Radiation levels in areas around the nuclear plant, which rose early in the afternoon, appeared to subside by evening, officials said. But the unease remained in a country trying to recover from the massive disasters that are believed to have killed more than 10,000 people and battered the world’s third-largest economy.
The leak caused the government to order 140,000 people living within 20 miles of the plant to seal themselves indoors to avoid exposure and declared a ban on commercial air traffic through the area. Worries about radiation rippled through Tokyo and other areas far beyond that cordon. The stock market plunged for a second day, dropping 10 percent. The troubles cascaded Tuesday at the Fukushima Dai-ichi plant, where there have already been explosions at two reactor buildings since Friday’s disasters.
An explosion at a third reactor blasted a 26-foot (8-meter) hole in the building and, experts said, damaged a vessel below the reactor, although not the reactor core. Three hours later, a fire broke out at a fourth reactor, which had been offline for maintenance.
In a nationally televised address, Prime Minister Naoto Kan said radiation had seeped from four of the plant’s six reactors.
The International Atomic Energy Agency said Japanese officials informed it that the fire was in a pool where used nuclear fuel rods are stored and that “radioactivity is being released directly into the atmosphere.”
Long after the fire was extinguished, a Japanese official said the pool might still be boiling. Depending on how bad the blast was at Unit 2, experts said more radioactive materials could seep out. If the water in the storage pond in Unit 4 boils away, the fuel rods could be exposed, leaking more virulent radiation.
Experts noted that much of the leaking radiation was apparently in steam from boiling water — and the falling radiation levels suggest the situation could be stabilizing.
Government spokesman Yukio Edano said the radiation leak potentially affected public health. But authorities and experts said the risks to the public diminished the farther the distance from the plant.
At its most intense, the leak released a radioactive dose in one hour at the site 400 times the amount a person normally receives in a year. Within six hours, that level had dropped dramatically.
A person would have to be exposed to that dose for 10 hours for it to be fatal, said Jae Moo-sung, a nuclear engineering expert at Seoul’s Hanyang University. Radiation elsewhere never reached that level.
In Tokyo, 170 miles to the southwest, authorities reported radiation levels nine times a normal level — too small, officials said, to threaten the 39 million people in and around the capital.
Weather patterns helped, shifting Tuesday night to the southeast, blowing any potential radiation from the plant toward the sea.
“It’s not good, but I don’t think it’s a disaster,” said Steve Crossley, an Australia-based radiation physicist. “If the radioactive material gets out, it’s a major problem. That doesn’t appear to be happening in Japan, and that’s the big difference. As long as you are not near it, it doesn’t pose a health risk.”
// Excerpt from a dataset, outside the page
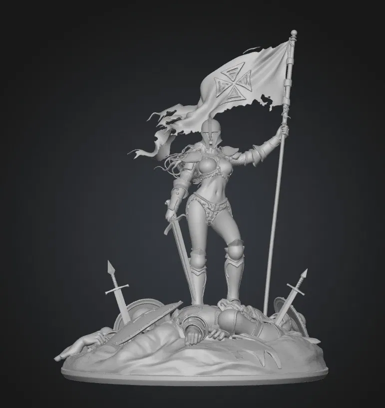 Chào các anh em đam mê in 3D, hôm nay mình xin giới thiệu một mẫu mô hình cực kỳ ấn tượng và đầy uy lực: "Shieldmaiden of the Iron Cross". Đây là tác phẩm dành cho những ai yêu thích dòng figure giả tưởng, chiến binh trung cổ với phong cách mạnh mẽ, gai góc. Hình ảnh nữ chiến binh oai phong đứng trên đống đổ nát của chiến trường, tay cầm thanh kiếm sắc bén và lá cờ chiến thắng khắc biểu tượng thập tự sắt tạo nên một bố cục vô cùng sống động và chi tiết.
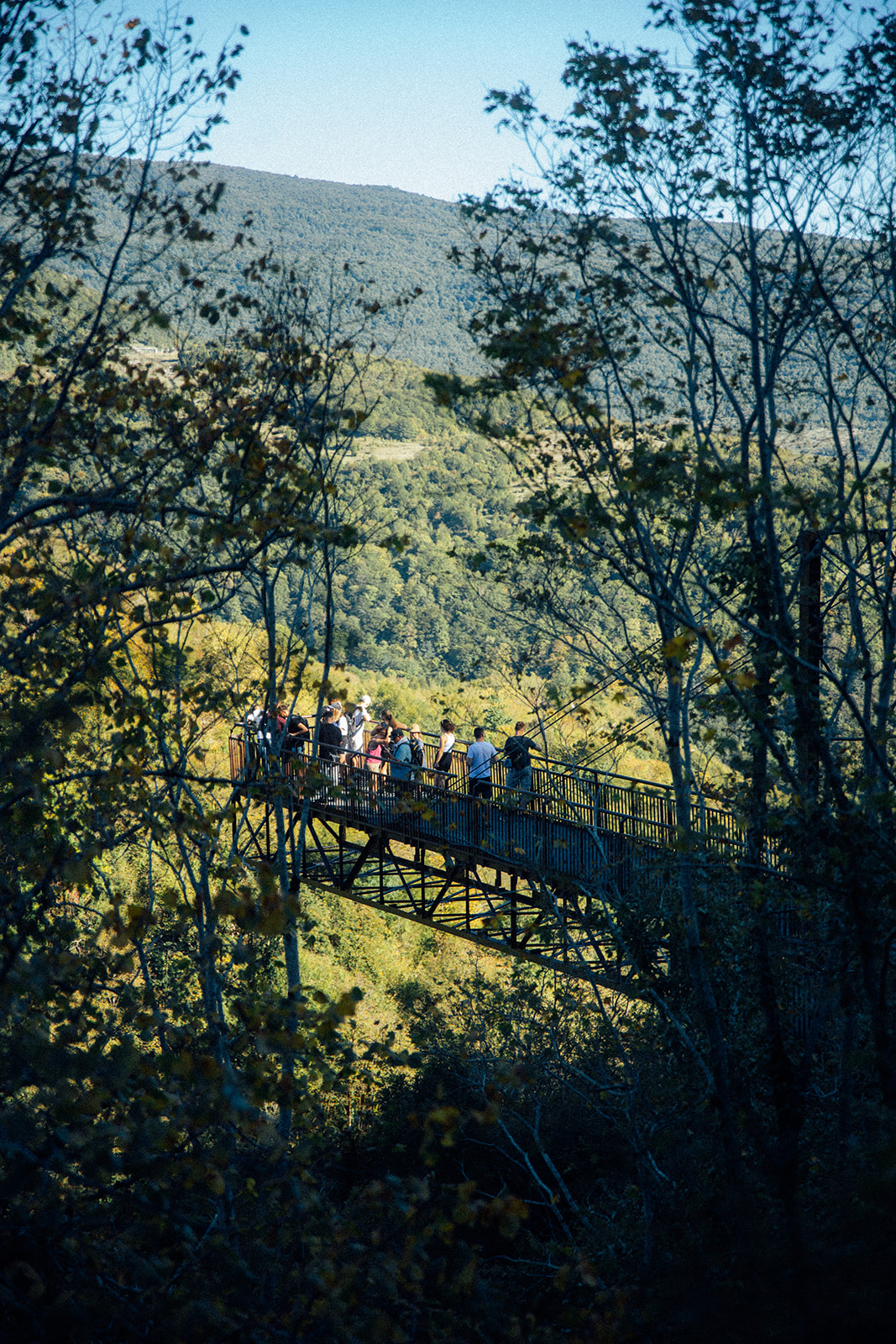 Następnym przystankiem jest Kanion Okatse, którego zwiedzanie to prawie 2 km emocjonujący spacer kładką ułożoną bezpośrednio PONAD kanionem. W kulminacyjnym momencie będziemy przemierzać nad przepaścią, która liczy sobie nawet 100m nad ziemią! Patrząc pod nogi, będziemy mieć wrażenie, że unosimy się w powietrzu dzięki technologii mostków, która składa się z metalowych konstrukcji. Historia ta nie jest wskazana dla osób z poważnym lękiem wysokości.  Adrenalina gwarantowana. Dojście do Kanionu to w sumie 5 km pieszo, ale osoby o słabej kondycji fizycznej mogą wykupić transport 4×4 bezpośrednio do wejścia.

Though Kan and other officials urged calm, the developments fueled a growing panic in Japan and around the world amid widespread uncertainty over what would happen next.
In the worst case scenario, one or more of the reactor cores would completely melt down, a disaster that could spew large amounts of radioactivity into the atmosphere. The radiation fears added to the catastrophe that has been unfolding in Japan.
Four days after the 9.0-magnitude earthquake and tsunami, millions of people strung out along the east coast had little food, water or heat, and already chilly temperatures dropped further as a cold front moved in.
Up to 450,000 people are in temporary shelters. Officials have only confirmed about 3,300 deaths, but officials have said the toll was likely to top 10,000 in one of the four hardest-hit areas.
Experts involved in the 2004 Asian tsunami said there was no question more people died, despite Japan’s high state of preparation, and like the earlier disaster, many thousands may never be found.